What to produce: Once the line containing "Regelmäßige Werkstattwartungen, Belege" is found in the material below, it and every line after it should be transcribed exactly, with pictures left out and nothing added.

Dataset section:
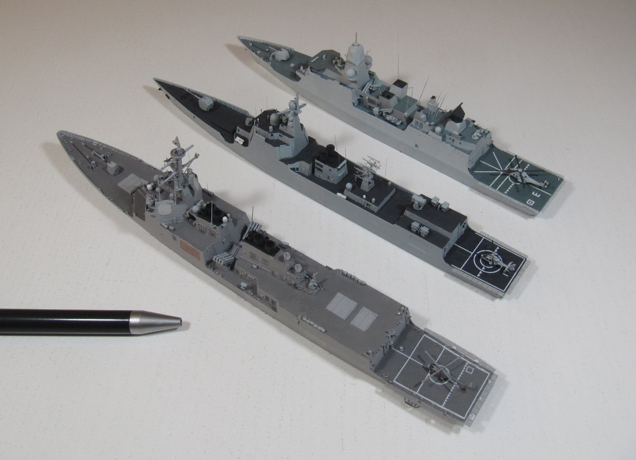 Hier ein Vergleich mit drei anderen mit AEGIS und SPY-1-Radar ausgerüsteten Schiffen: von links Sejong Daewang, USS Mustin (2003 der Arleigh Burke-Klasse, Flight IIA), die japanische Maya (2020, Typschiff ihrer Klasse) und die spanische Méndez Núñez (2006, Álvaro de Bazán-Klasse, nur auf dem rechten Foto).
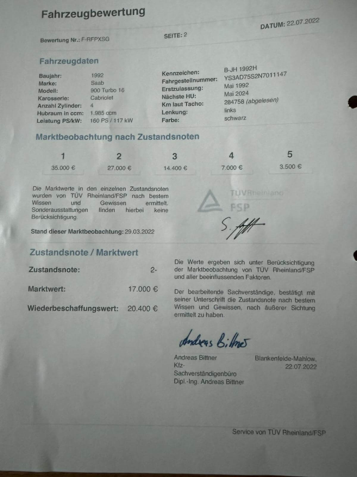 Regelmäßige Werkstattwartungen, Belege sind vorhanden. (Saab Pinkowski Berlin)
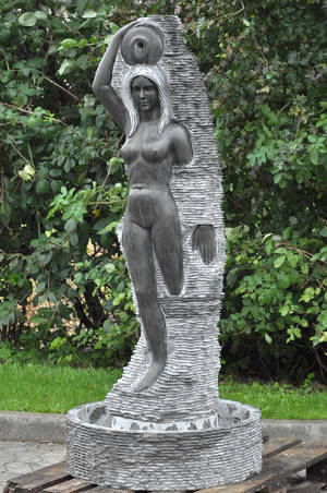 Vandspil i form af kvindeskulptur udhugget i råt og poleret sort marmor. Forberedt til vand. Cirkulationspumpe medfølger. H. ca. 160 cm.
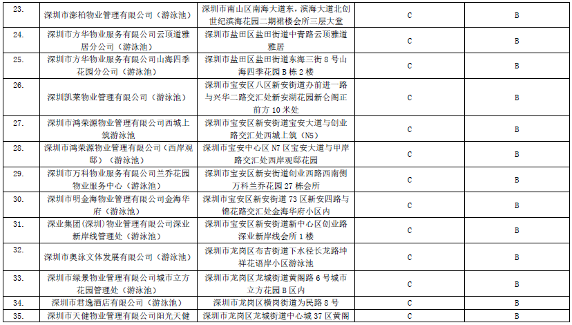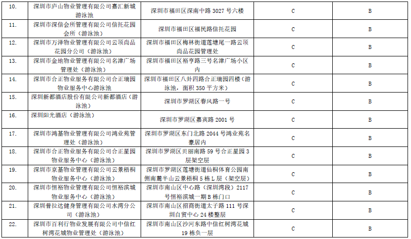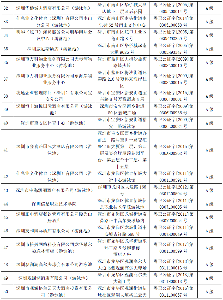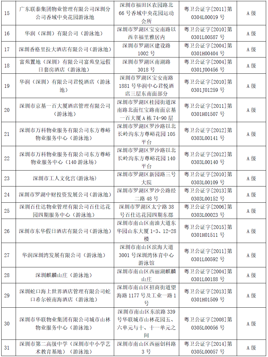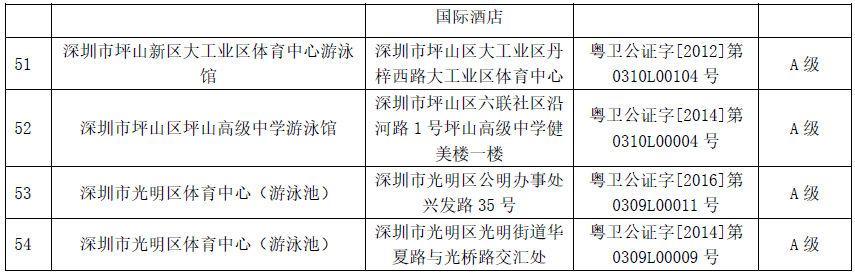 附:2019年深圳市游泳場(chǎng)所衛(wèi)生信譽(yù)度等級(jí)A級(jí)名單

Exercise output:
 Regelmäßige Werkstattwartungen, Belege sind vorhanden. (Saab Pinkowski Berlin)
 Vandspil i form af kvindeskulptur udhugget i råt og poleret sort marmor. Forberedt til vand. Cirkulationspumpe medfølger. H. ca. 160 cm.
 附:2019年深圳市游泳場(chǎng)所衛(wèi)生信譽(yù)度等級(jí)A級(jí)名單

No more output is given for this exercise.